Comment by bondarchuk
16 days ago
Can we really conclude that people "see" what they say they see? I think most people would not think twice about saying "protesters did not block the road" when in fact they know full well protesters blocked the road and they really mean "protesters blocked the road and that's good actually".
There's a strange pattern of die hard obstinence, even in the face of basic and common facts that we as as society until fairly recently all agreed upon. The reason is that works, if you admit fault/guilt then the usual consequences follow. If they remain obstinate, there's a chance they can project their crime on someone else which doesn't really work except it does retain for them a certain level of public support, from those who "see" what they want to see.
It's devastating society.
I think there's a real deficit in research on and understanding motivated cognition, and a lot of blurriness about attitudes versus belief versus perception. I don't just mean anything political, I mean things including physical pain and all sorts of things. When someone states something, it's very difficult to distinguish between "this is honestly what I saw or felt" versus "this is what I wanted to see or feel". When you get into the fact that consensus can be wrong, it leads to all sorts of issues.

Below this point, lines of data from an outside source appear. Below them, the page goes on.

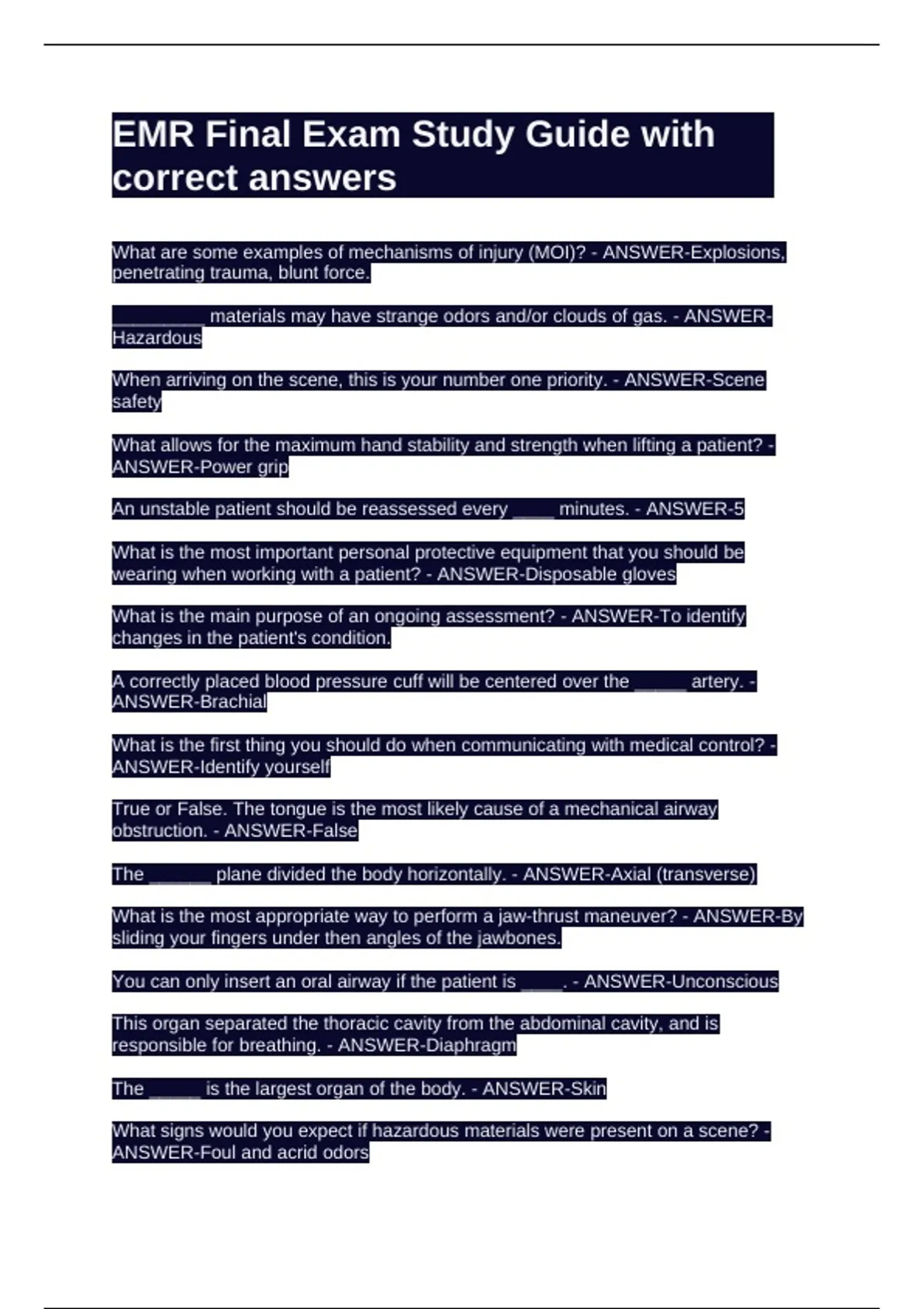 You can only insert an oral airway if the patient is ____. - ANSWER-Unconscious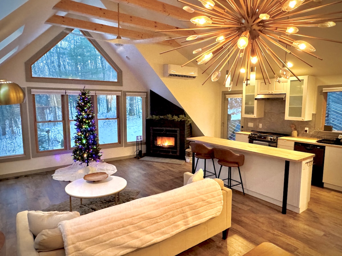 The Hygge Loft: a midcentury modern-designed cabin nestled among 70 acres of privately-owned forest with rivers & hiking trails. Enjoy sipping an espresso or wine while listening to vinyl records, cozied up by the wood-burning fireplace. Take a walk in the forest to the river or stargaze by the firepit on the private deck. Indulge in a luxurious bath or snuggle up in the ultra comfy king-size bed with views of treetops and sky all around. It’s the kind of place you’ll never want to leave!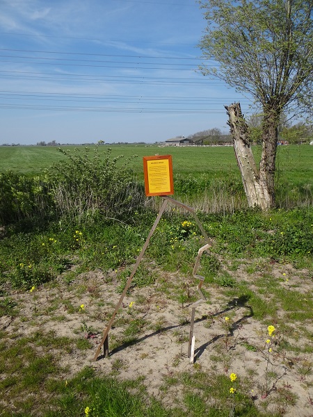 Hier op Ter Laan verdween de eerste woning vanwege de aardgasbevingen. De dorpsvereniging van Bedum wil een lieu de memoire van het verlaten heem maken – het Bevingsbosje. Dat is de teneur van wat er op het bordje staat: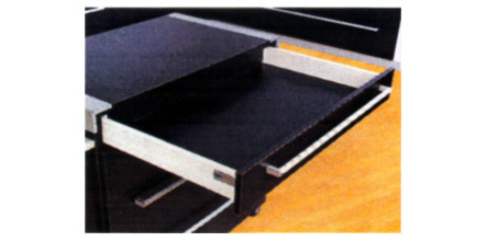 Skrytý plnovýsuv s tlumeným dojezdem, šedě lakovanými bočnicemi a spojkami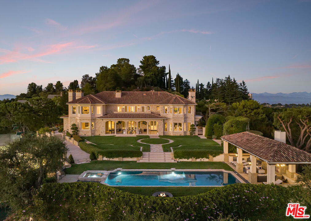 The Antelo View Estate stands as one of Los Angeles’ most distinguished and irreplaceable residences, tucked away at the end of a secluded private road in Bel-Air. With nearly unmatched scale, privacy, and design pedigree, this exceptional compound encompasses two APNs and is secured behind double gates, unveiling a world entirely its own. A sweeping motor court welcomes guests with commanding views stretching from the glittering city skyline to the serene mountains and the Pacific Ocean beyond. Graceful fountains accent the arrival, their gentle flow enhancing the sense of tranquility and grandeur that defines the estate. Completely reimagined through an extensive, design-driven remodel, the estate masterfully fuses timeless sophistication with modern innovation. The 6-bedroom, 9-bath main residence is defined by grand-scale interiors, filled with abundant natural light and breathtaking views from nearly every room. Stately fireplaces throughout the home offer warmth, dramatic presence, and intimate gathering spaces, anchoring living areas with a sense of refined elegance. The lower level is a retreat for both leisure and entertainment, featuring a state-of-the-art theater with bar, a private gym with steam shower, wine storage, and flexible staff or wellness quarters. At the heart of the home lies a spectacular new chef’s kitchen, curated with bespoke white oak cabinetry, hand-selected marble countertops, dual oversized sinks, and an array of Miele and Gaggenau appliances. An exquisite brass wine display, inviting fireplace, walk-in pantry, and breakfast nook with unobstructed views further elevate the space, transforming everyday living into an art form. The second floor reveals four gracious bedrooms, crowned by a primary suite of rare distinction. The suite features dual spa-inspired baths, expansive walk-in dressing rooms, a fireplace for quiet evenings, a private office, and a vast terrace that embraces the horizon. Beyond the main residence, two guest homes extend the estate’s legacy of luxury. The upper two-story guest house presents nearly 3,000 square feet, complete with two bedrooms, three baths, a full kitchen, and a great room anchored by a dramatic fireplace. French doors open to garden terraces accompanied by gentle fountains and rolling lawns, crafting an atmosphere of serenity. The lower guest home, nestled under the tennis court, offers two bedrooms, two baths, a full kitchen, laundry, and wrap-around terraces immersed in tranquil treetop views perfect for long-stay guests or staff. Outdoors, the grounds unfold in true resort style: a dramatic swimming pool with cabana, a tennis court with viewing pavilions, manicured gardens, and a romantic loggia designed for alfresco dining or intimate wine tastings. Fountain features dot the landscape, blending the soothing sound of flowing water with the natural beauty of the gardens. Interwoven pathways and a private golf cart circuit encircle the entire estate, underscoring its rare sense of scale and seclusion. The Antelo View Estate is more than a home it is a private sanctuary of architectural beauty and natural majesty. With its many fireplaces, enchanting fountains, unrivaled vistas, world-class amenities, and a level of craftsmanship seldom seen, this legacy compound represents one of the most important and prestigious offerings to ever arrive on the market in Bel-Air.

It would be nice to have some kind of way to discriminate at what point in the percept -> attitude -> construal chain (which is probably more of a feedback loop) we are.

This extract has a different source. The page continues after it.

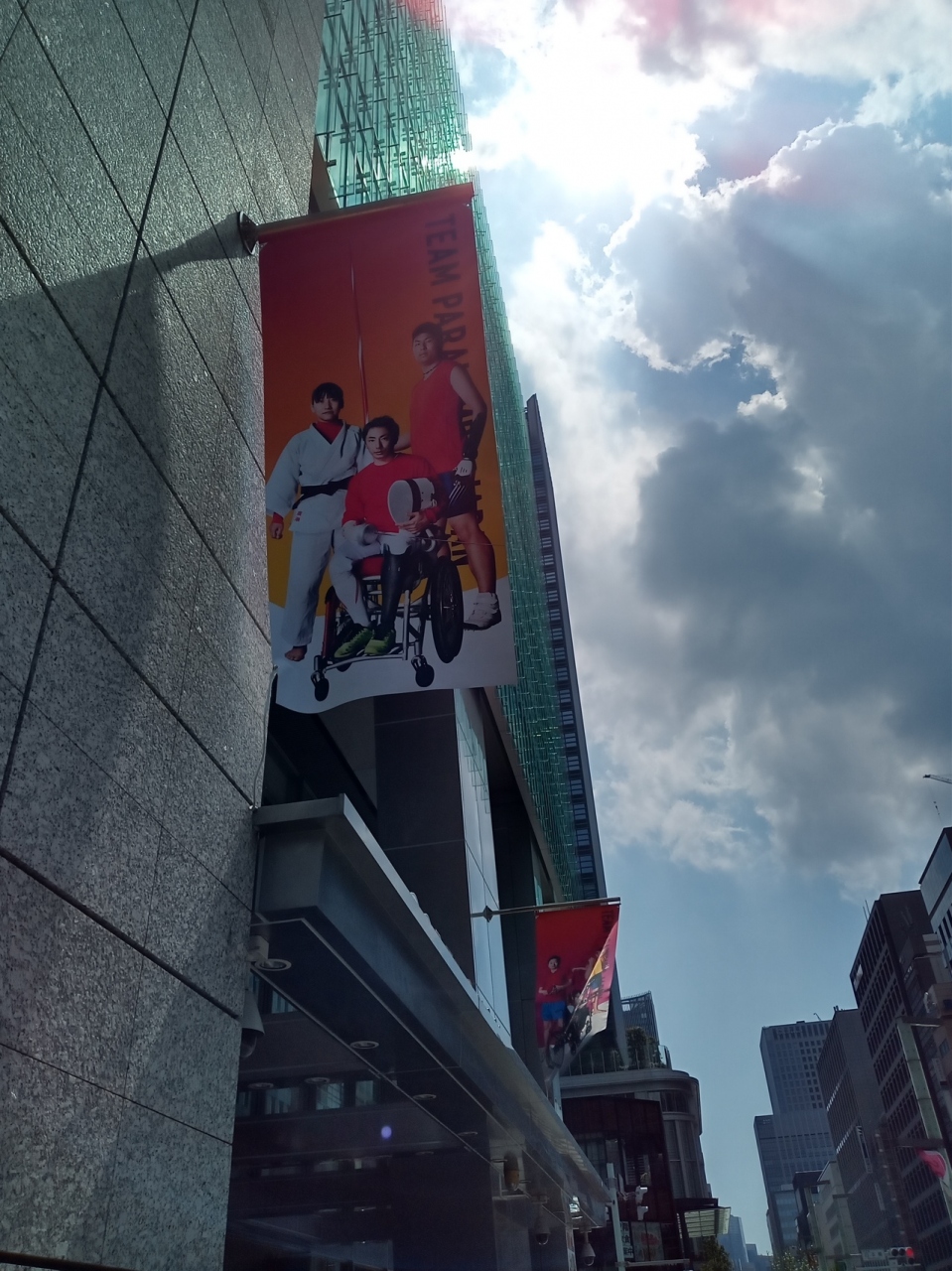 東京 日本橋の交差点にある「コレド日本橋」をおとずれたところは、先月~今月の前半とうって変わって、「TOKYOパラリンピック2020」の旗などが掲げられていました。時折吹く風に旗が棚引き躍動感も出て良い感じです。いつも一生懸命頑張られていらっしゃる方を応援している商業施設です。
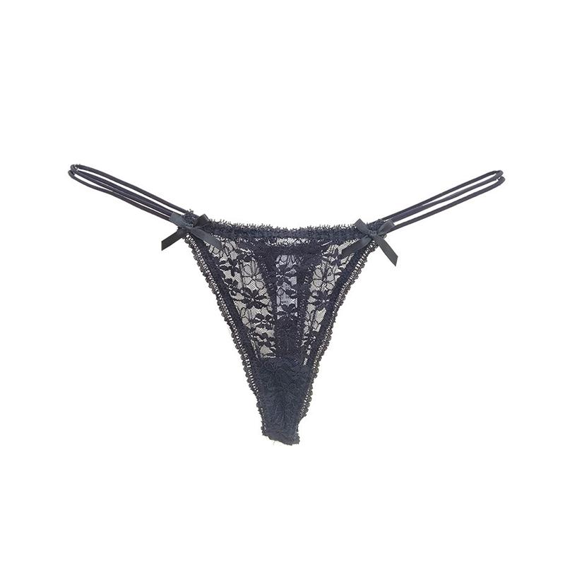 性感细带女生内裤透明蕾丝日系撞色镂空低腰无痕速干丁字裤女纯欲

Before getting to research, I think a more honest attitude towards admitting motivated cognition in oneself and others is appropriate. I may give a spur-of-the-moment remark on a political situation, but at least if someone presses me, I will readily provide more insight on my biases and values. When I take the time to contemplate, I usually try to modify my eventual response to avoid undue bias altogether. Being reminded that motivated cognition is pervasive in all of us should reduce the unintentional-but-convenient faults in our cognition.
The tricky part is that people don't necessarily report what they see as what they see, and you can't really look inside their brains to get at what they meaningfully perceive.
A good example of this was the inauguration crowd size photos where people who were unfamiliar with the topic reported a unified perception on which crowd was bigger based purely on the photos. People who knew what the photos were of varied their conclusion based upon their political stance.
One conclusion you could draw from this is that their beliefs were altering their perception, but how would you distinguish that from people altering their expression of what they saw based upon their beliefs?
That basketball gorilla experiment seems like pretty solid evidence that people only notice what they expect to see and are primed to pay attention to, even in situations with no ideological component.